When a decision turns on the meaning of words in a statute or regulation, the decision is one of law which must be made by the court. Trust of Bingham v. Commissioner, 325 U.S. 365, 371, 65 S.Ct. 1232, 1235, 89 L.Ed. 1670 (1945); Day v. Trans World Airlines, Inc., 393 F.Supp. 217, 220 (S.D.N.Y.), aff'd, 528 F.2d 31 (2d Cir.1975), cert. denied, 429 U.S. 890, 97 S.Ct. 246, 50 L.Ed.2d 172 (1976); Gaibis v. Werner Continental, Inc., 565 F.Supp. 1538, 1548 (W.D.Pa.1983). The application of a statute’s terms to undisputed facts also is a question of law. Gold Kist, Inc. v. United States, 339 F.Supp. 1249, 1255 n. 6 (N.D.Ga.1971), aff'd sub nom., ICC v. Gold Kist, Inc., 409 U.S. 808, 93 S.Ct. 106, 34 L.Ed.2d 67 (1972); United States v. Thompson, 252 F.2d 6, 9 (8th Cir.1958); see Nelson v. Montgomery Ward & Co., 312 U.S. 373, 376, 61 S.Ct. 593, 595, 85 L.Ed. 897 (1941); Dowell, Inc. v. Lyons, 238 F.2d 633, 635 (6th Cir.1956); Coleman Furniture Corp. v. Home Insurance Co., 67 F.2d 347, 351 (4th Cir.1933).

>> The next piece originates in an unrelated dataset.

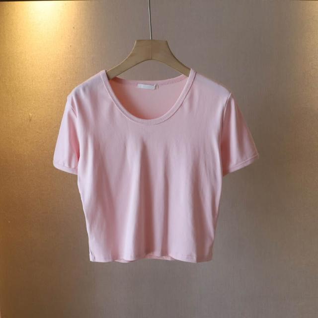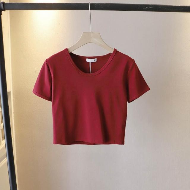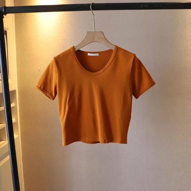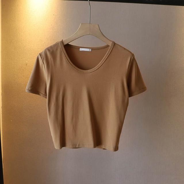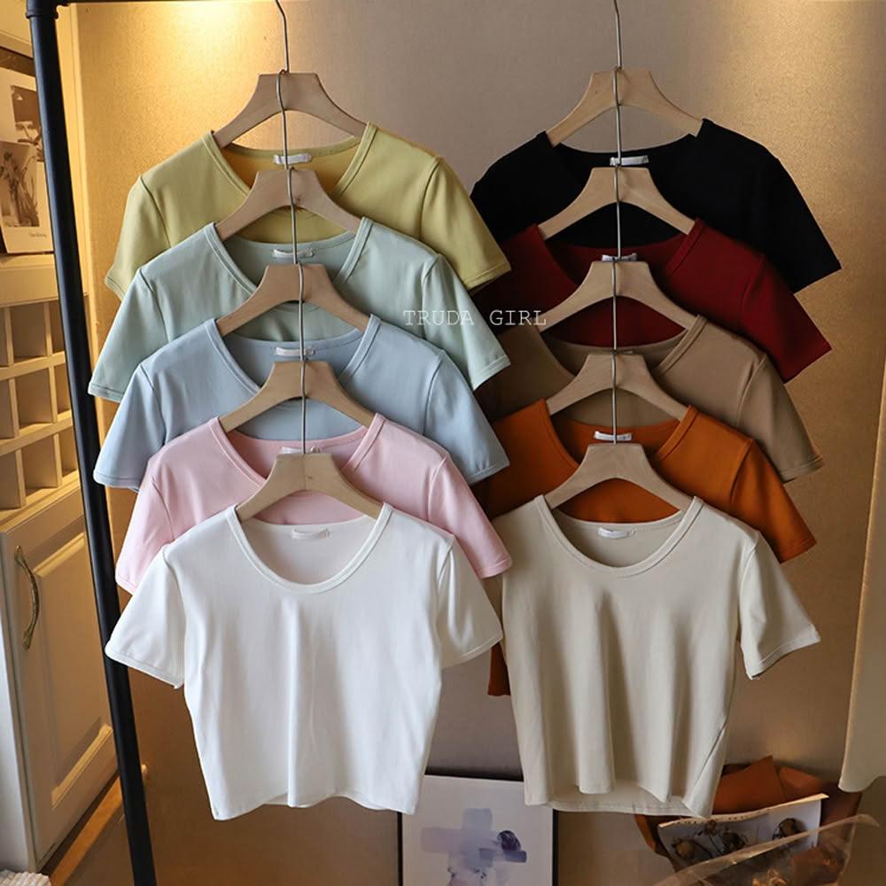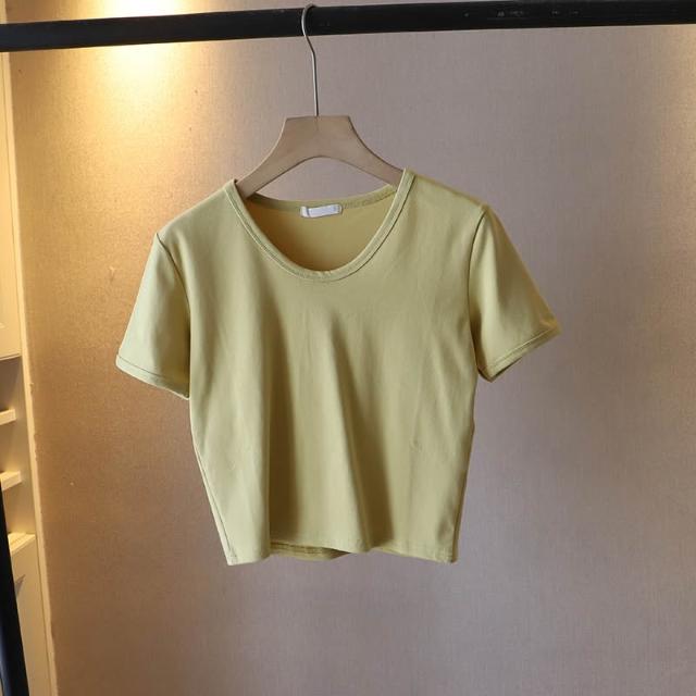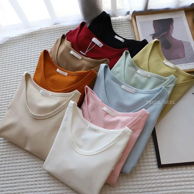 《杜達女孩》夏日基本百搭超彈V領短版T 短版上衣 短袖上衣 T恤 素色 素面T 短版T 純色T V領上衣 短袖T恤 女

The district court’s legal conclusions concerning the tug’s compliance with Article 3, which were approved and adopted by this Court, thus became the law of the case and should have been followed by the district court on the second trial. Doe v. New York City Department of Social Services, 709 F.2d 782, 788-89 (2d Cir.), cert. denied, — U.S.-, 104 S.Ct. 195, 78 L.Ed.2d 171 (1983). Instead of adhering to this well-established rule, the district court permitted Richard Riley, a tugboat captain for the Texaco Company, to hold forth erroneously and at great length concerning the allegedly mandatory lighting requirements for a tug with tow astern on Long Island Sound. The end result was prejudicial and reversible error.

On six separate occasions, Riley, without referring to any specific rule or regulation, testified that the DELAWARE should have carried a yellow light on the stern; this, he said, was “mandatory”. He testified that, because this light was absent, a pilot in Mr. Stissi’s position “probably would be confused”. It was only after Stissi’s counsel informed the district court that Riley himself was confused about the yellow light that the district court told the jury a yellow light was unnecessary.

Assuming for the argument that Riley’s error with reference to the yellow light was cured by the court's instructions, another more egregious error concerning the forward range light never was cured.